Beginning with the line that includes "Saffr'Activ® (Saffron Extract).", return every remaining line of the material exactly as it reads, but not the pictures.

(Beginning of PROVIDED MATERIAL)

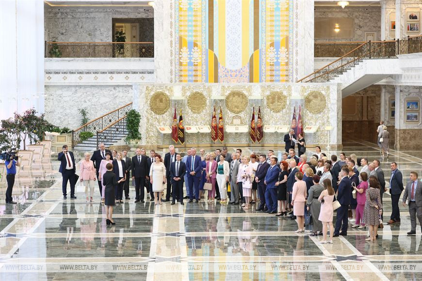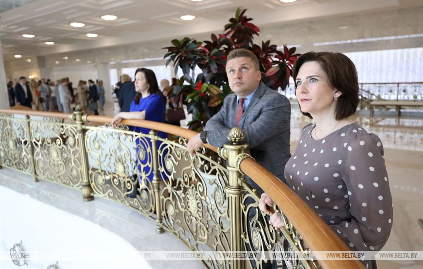 Медики знакомятся с Дворцом Независимости, восхищаются созданным белорусскими мастерами. А ведь здесь есть и их вклад, конечно же, невидимый, но твердый. Ведь только здоровая нация может созидать дворцы и растить талантливых мастеров, создавать ноу-хау в медицине и науке.
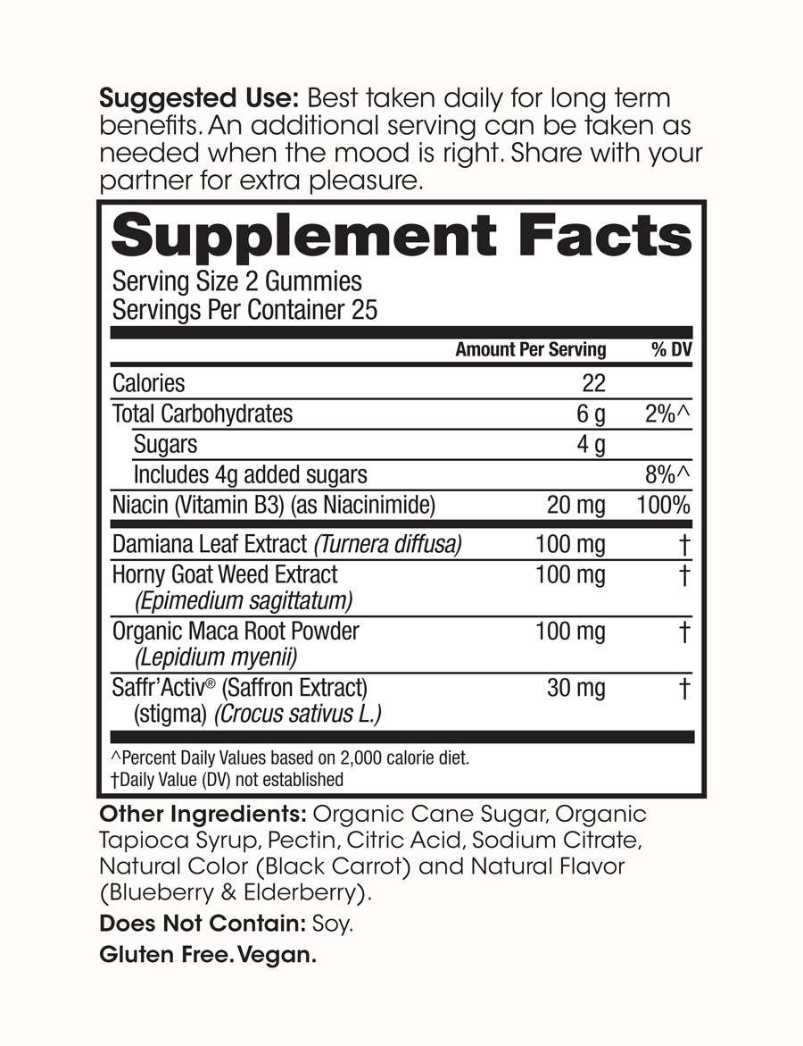• Damiana Leaf Extract (Turnera diffusa), Horny Goat Weed Extract (Epimedium sagittatum), Organic Maca Root Powder (Lepidium myenii), Saffr'Activ® (Saffron Extract).
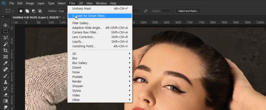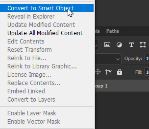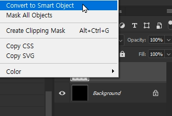 레이어에서 우클릭 후 Convert to Smart Object 선택해서 단일 스마트 오브젝트로 만듭니다.
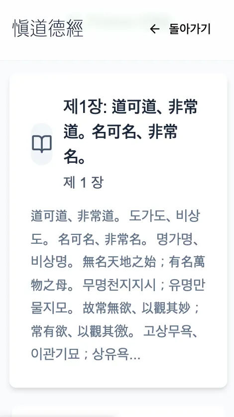 『愼道德經』 앱은 노자의 도덕경을 바탕으로, 고대의 지혜를 오늘의 삶 속에서 다시 살아내기 위해 만들어졌습니다.

(End of PROVIDED MATERIAL)

**SOLUTION TO THE PROBLEM**
• Damiana Leaf Extract (Turnera diffusa), Horny Goat Weed Extract (Epimedium sagittatum), Organic Maca Root Powder (Lepidium myenii), Saffr'Activ® (Saffron Extract).
 레이어에서 우클릭 후 Convert to Smart Object 선택해서 단일 스마트 오브젝트로 만듭니다.
 『愼道德經』 앱은 노자의 도덕경을 바탕으로, 고대의 지혜를 오늘의 삶 속에서 다시 살아내기 위해 만들어졌습니다.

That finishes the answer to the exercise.